Binary data is data that can take on one of two values. This often happens when there is a characteristic/event/response, etc. of interest that subjects either have/achieve or they don’t. Binary response data can also come out of dichotomizing continuous data. For example in the psoriasis indication the binary response variable PASI90 (yes/no) is defined as subjects achieving a PASI score of at least 90.
There are two broad categories of PD exploratory plots covered on this page
These plots are displayed below.
# remove reference to home directory in libPaths
.libPaths(grep("home", .libPaths(), value=TRUE, invert=TRUE))
.libPaths(grep("usr", .libPaths(), value=TRUE, invert=TRUE))
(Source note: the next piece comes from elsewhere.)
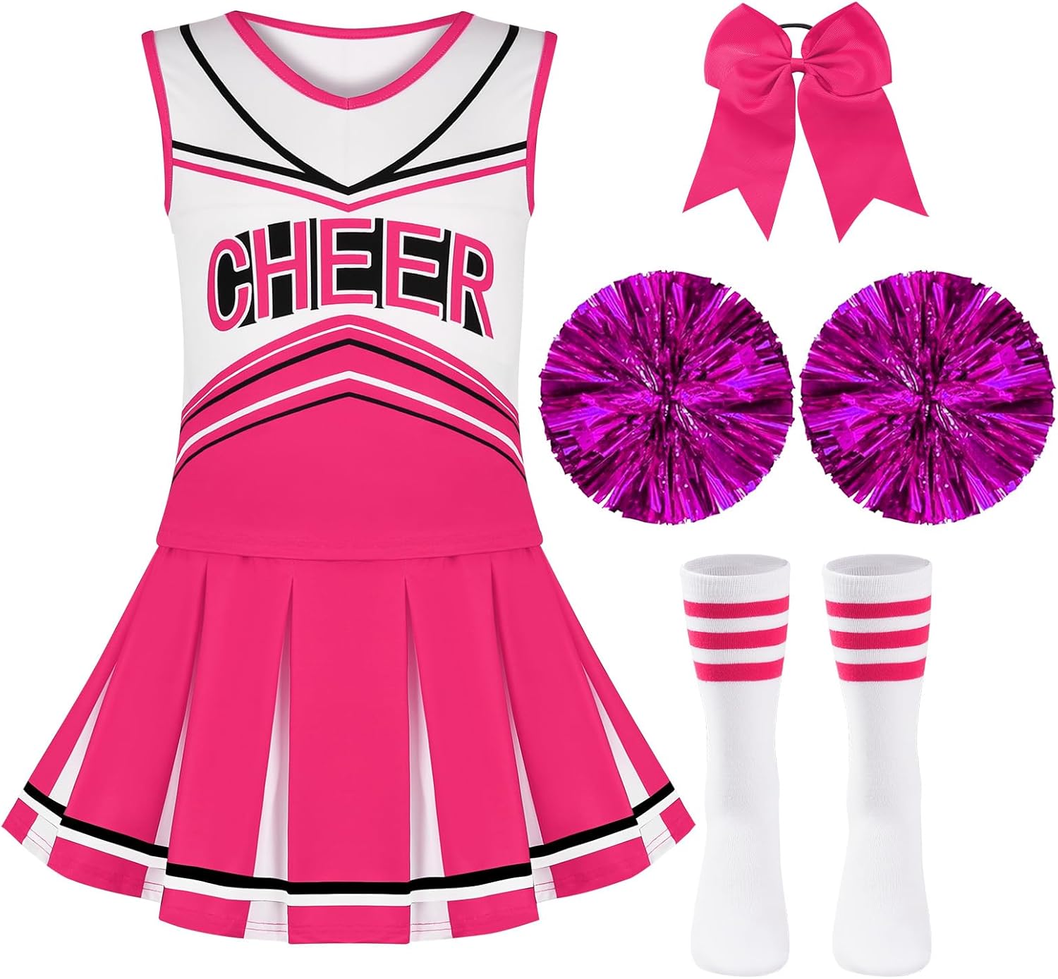 Cheerleader Costume for Girls 6-12Y Halloween Cheerleading Outfit 5Pcs Cheer Uniform Fancy Dress for Party/Sports Day

# add localLib to libPaths for locally installed packages
.libPaths(c("localLib", .libPaths()))
# will load from first filepath first, then look in .libPaths for more packages not in first path
# version matches package in first filepath, in the case of multiple instances of a package
# library(rmarkdown)
library(gridExtra)
library(grid)
library(ggplot2)
library(dplyr)
library(RxODE)
library(caTools)
#flag for labeling figures as draft
draft.flag = TRUE
## ggplot settings
theme_set(theme_bw(base_size=12))
# annotation of plots with status of code
AnnotateStatus <- function(draft.flag, log.y=FALSE, log.x=FALSE, fontsize=7, color="grey") {
x.pos <- -Inf
if (log.x)
x.pos <- 0
y.pos <- -Inf
if (log.y)
y.pos <- 0
if(draft.flag) {
annotateStatus <- annotate("text",
label="DRAFT",
x=x.pos, y=y.pos,
hjust=-0.1, vjust=-1.0,
cex=fontsize,
col=color, alpha=0.7, fontface="bold")
} else {
annotateStatus <- NULL
}
return(annotateStatus)
}
The plots presented here are based on simulated data (see: PKPD Datasets). You may also download the Multiple Ascending Dose PK/PD dataset for your reference (download dataset).
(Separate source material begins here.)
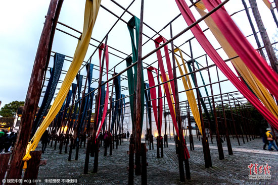 2014年2月3日,浙江省桐乡市乌镇西栅景区内草木本色染坊“宏源泰”染坊的晒布场地。(图片作者:王子瑞)

my.data <- read.csv("../Data/Multiple_Ascending_Dose_Dataset2.csv")
# Define order for factors
my.data$TRTACT <- factor(my.data$TRTACT, levels = unique(my.data$TRTACT[order(my.data$DOSE)]))
We start with Response vs Time, or longitduinal plots
Binary data is often summarized by displaying the percent of subjects in the “yes” category, e.g. the percent of “responders,” along with 95% confidence intervals. For generating confidence intervals, it is useful to bin data points by nominal time; confidence intervals should be calculated using the binom::binom.exact()
function.
Questions to ask when looking at these plots
Warning: Even if you don’t see a plateau in response, that doesn’t mean there isn’t one. Be very careful about using linear models for Dose-Response relationships. Extrapolation outside of the observed dose range could indicate a higher dose is always better (even if it isn’t).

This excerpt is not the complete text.